> **Goal of the exercise**: Copy word for word the lines in the records below, starting at the line with "Orta Sehpa Ahşap" and ending at the line with "底の付属革には「INNFITH」の素押しがさりげなく入っています。". Skip the pictures.
Segment Start: Input records
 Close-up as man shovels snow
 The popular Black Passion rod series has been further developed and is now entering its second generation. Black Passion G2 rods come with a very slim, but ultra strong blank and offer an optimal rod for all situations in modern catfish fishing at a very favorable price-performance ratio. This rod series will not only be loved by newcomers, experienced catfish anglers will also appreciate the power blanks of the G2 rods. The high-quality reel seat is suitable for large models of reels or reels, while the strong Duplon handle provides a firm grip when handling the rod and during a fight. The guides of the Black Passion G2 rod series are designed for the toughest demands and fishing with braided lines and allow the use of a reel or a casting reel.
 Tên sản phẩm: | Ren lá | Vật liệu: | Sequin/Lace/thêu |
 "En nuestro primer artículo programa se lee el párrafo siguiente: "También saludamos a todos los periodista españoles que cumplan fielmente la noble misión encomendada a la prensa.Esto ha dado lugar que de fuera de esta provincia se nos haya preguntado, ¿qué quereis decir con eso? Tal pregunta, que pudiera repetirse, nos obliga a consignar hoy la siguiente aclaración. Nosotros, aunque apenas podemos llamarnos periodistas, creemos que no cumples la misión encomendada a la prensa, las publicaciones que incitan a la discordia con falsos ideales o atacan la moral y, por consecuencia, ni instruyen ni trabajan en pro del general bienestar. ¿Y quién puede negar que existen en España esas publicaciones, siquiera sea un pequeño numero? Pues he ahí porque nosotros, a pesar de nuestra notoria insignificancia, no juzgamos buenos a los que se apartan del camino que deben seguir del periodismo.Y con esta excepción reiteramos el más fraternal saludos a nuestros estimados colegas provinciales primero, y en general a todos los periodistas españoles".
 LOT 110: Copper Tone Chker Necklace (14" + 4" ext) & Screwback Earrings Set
Segment End: Input records
Segment Start: Input records
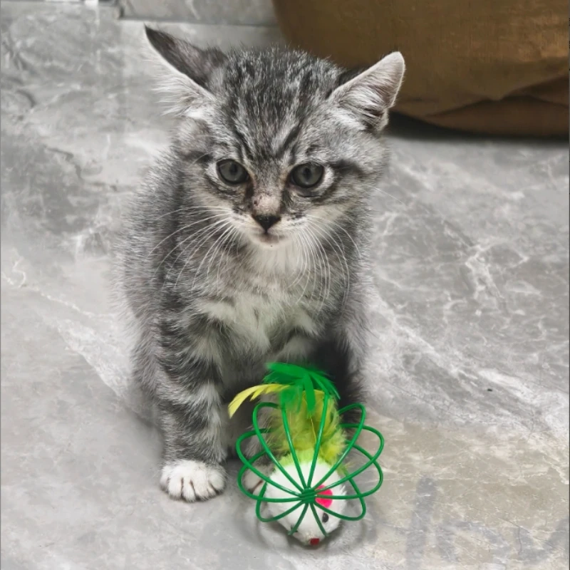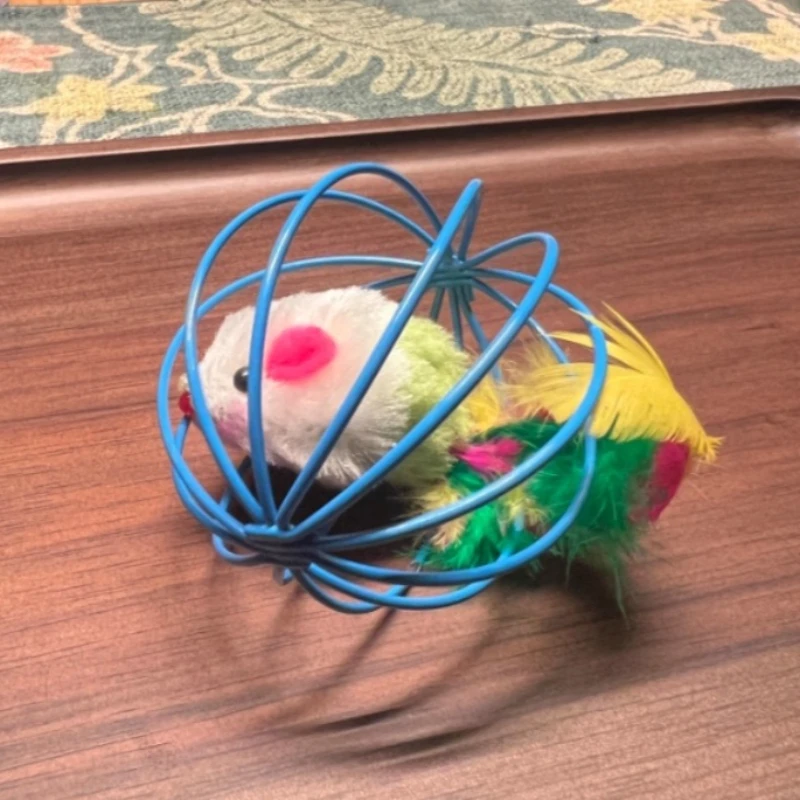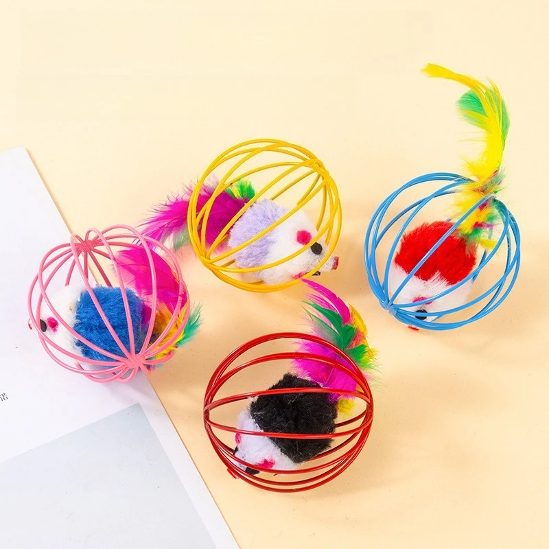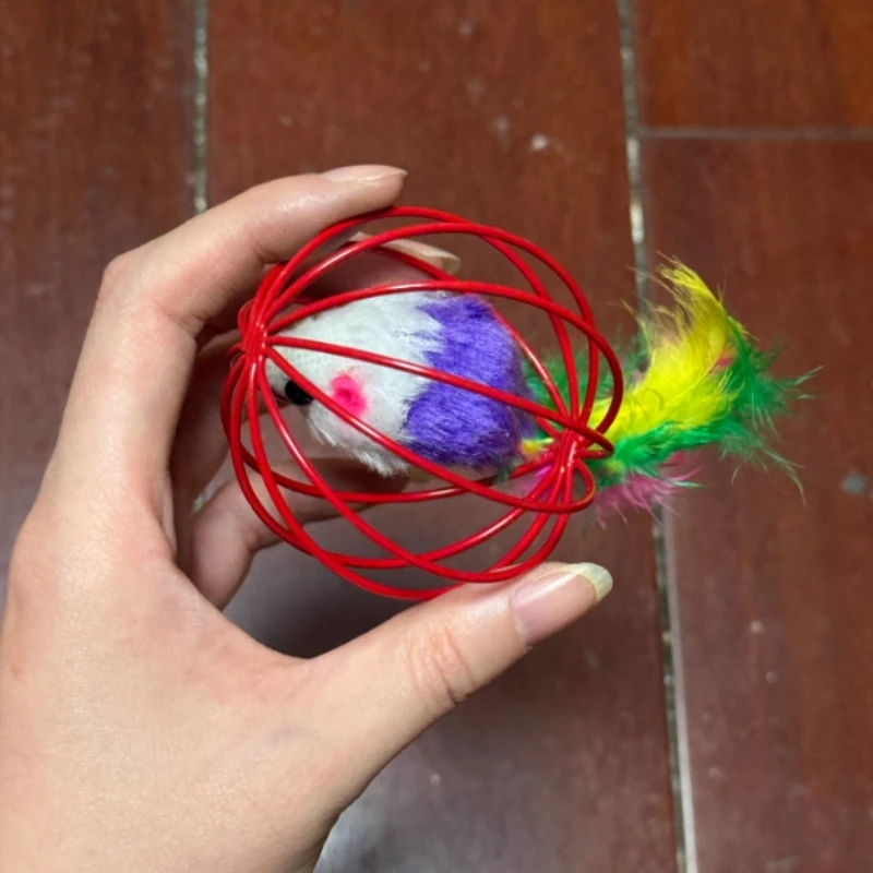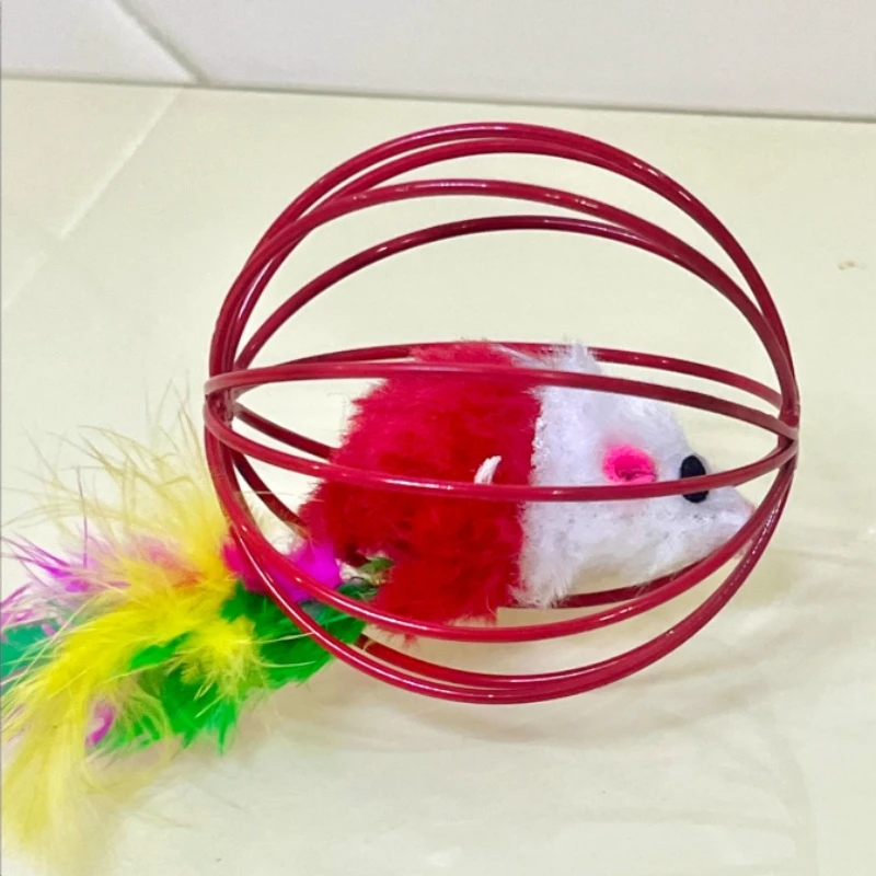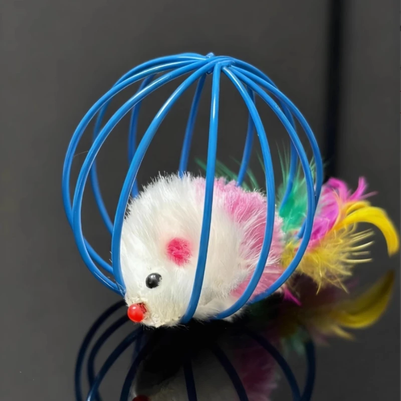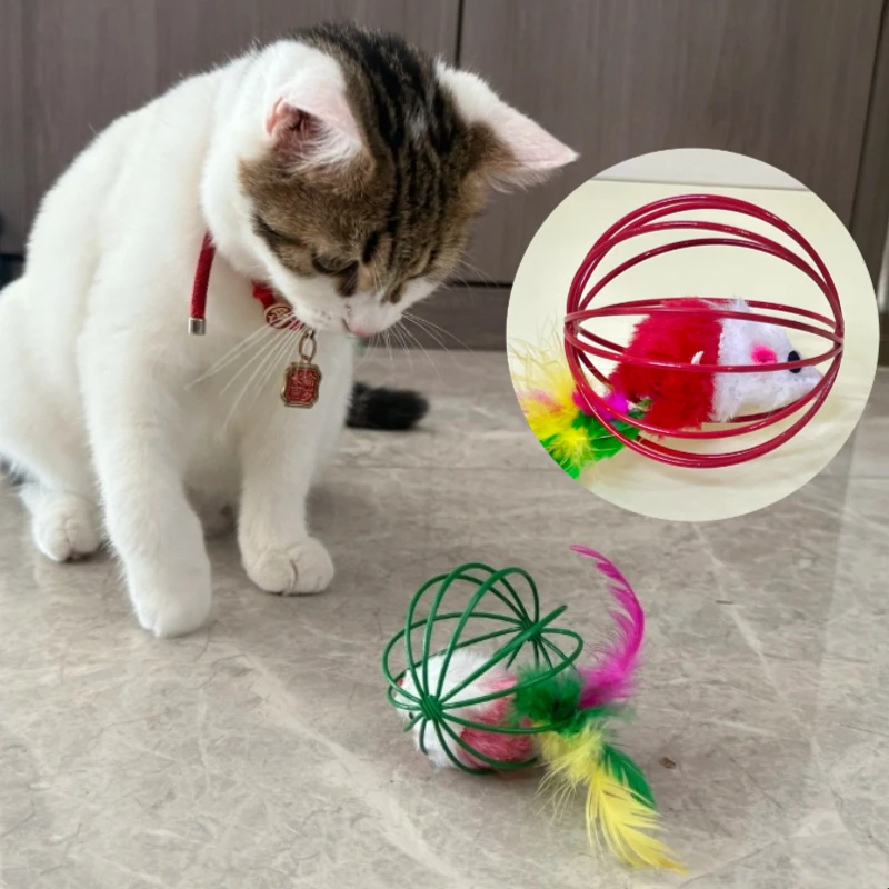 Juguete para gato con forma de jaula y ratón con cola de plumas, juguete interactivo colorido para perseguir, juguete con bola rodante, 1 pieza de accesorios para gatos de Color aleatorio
Segment End: Input records
Segment Start: Input records
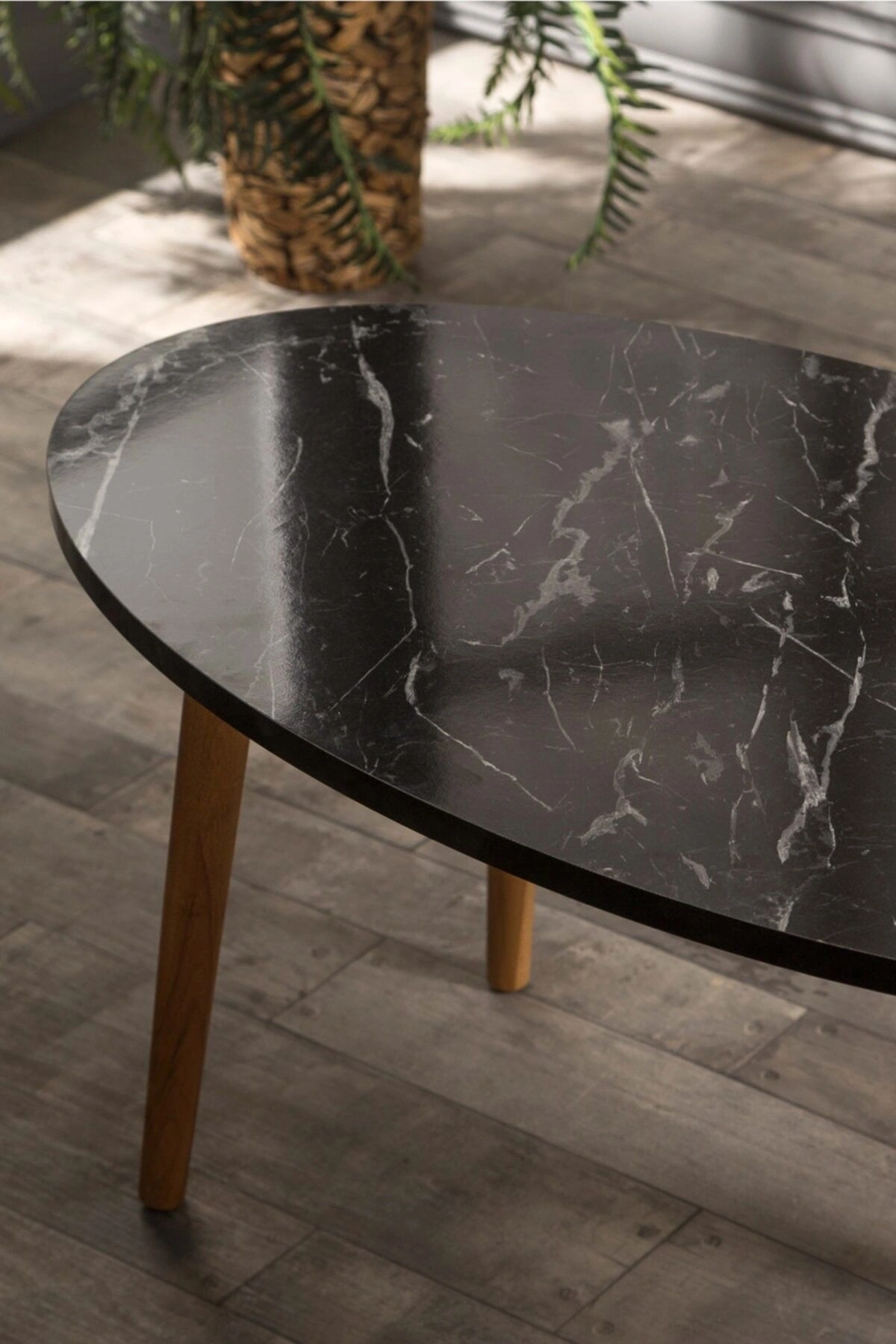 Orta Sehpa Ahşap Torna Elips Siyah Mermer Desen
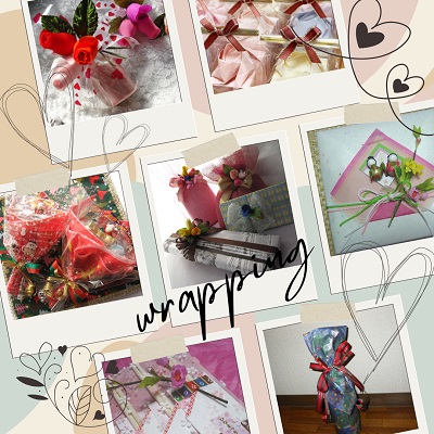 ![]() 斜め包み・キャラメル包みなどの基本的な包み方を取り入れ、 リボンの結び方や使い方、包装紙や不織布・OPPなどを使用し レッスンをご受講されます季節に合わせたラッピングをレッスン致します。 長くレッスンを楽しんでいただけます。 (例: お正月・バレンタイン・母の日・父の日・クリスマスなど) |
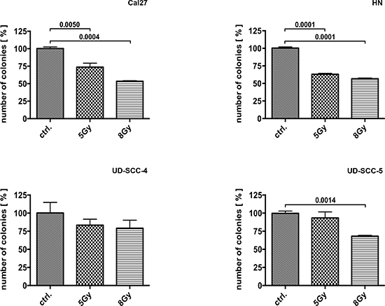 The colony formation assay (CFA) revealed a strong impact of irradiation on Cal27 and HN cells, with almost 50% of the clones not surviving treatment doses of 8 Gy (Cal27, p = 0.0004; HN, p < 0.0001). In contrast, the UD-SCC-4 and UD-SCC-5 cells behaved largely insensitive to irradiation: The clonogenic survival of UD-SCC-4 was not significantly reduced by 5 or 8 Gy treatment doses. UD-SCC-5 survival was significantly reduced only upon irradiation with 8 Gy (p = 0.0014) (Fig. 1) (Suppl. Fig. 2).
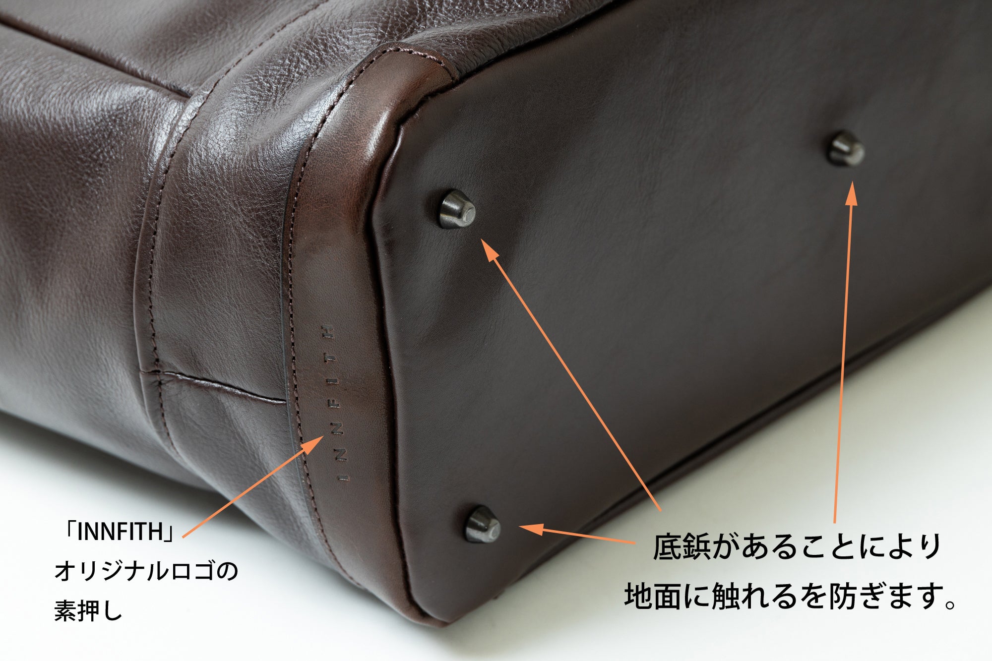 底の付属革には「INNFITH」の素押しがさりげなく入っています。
Segment End: Input records
> **Answer to this problem**:
 Orta Sehpa Ahşap Torna Elips Siyah Mermer Desen
 ![]() 斜め包み・キャラメル包みなどの基本的な包み方を取り入れ、 リボンの結び方や使い方、包装紙や不織布・OPPなどを使用し レッスンをご受講されます季節に合わせたラッピングをレッスン致します。 長くレッスンを楽しんでいただけます。 (例: お正月・バレンタイン・母の日・父の日・クリスマスなど) |
 The colony formation assay (CFA) revealed a strong impact of irradiation on Cal27 and HN cells, with almost 50% of the clones not surviving treatment doses of 8 Gy (Cal27, p = 0.0004; HN, p < 0.0001). In contrast, the UD-SCC-4 and UD-SCC-5 cells behaved largely insensitive to irradiation: The clonogenic survival of UD-SCC-4 was not significantly reduced by 5 or 8 Gy treatment doses. UD-SCC-5 survival was significantly reduced only upon irradiation with 8 Gy (p = 0.0014) (Fig. 1) (Suppl. Fig. 2).
 底の付属革には「INNFITH」の素押しがさりげなく入っています。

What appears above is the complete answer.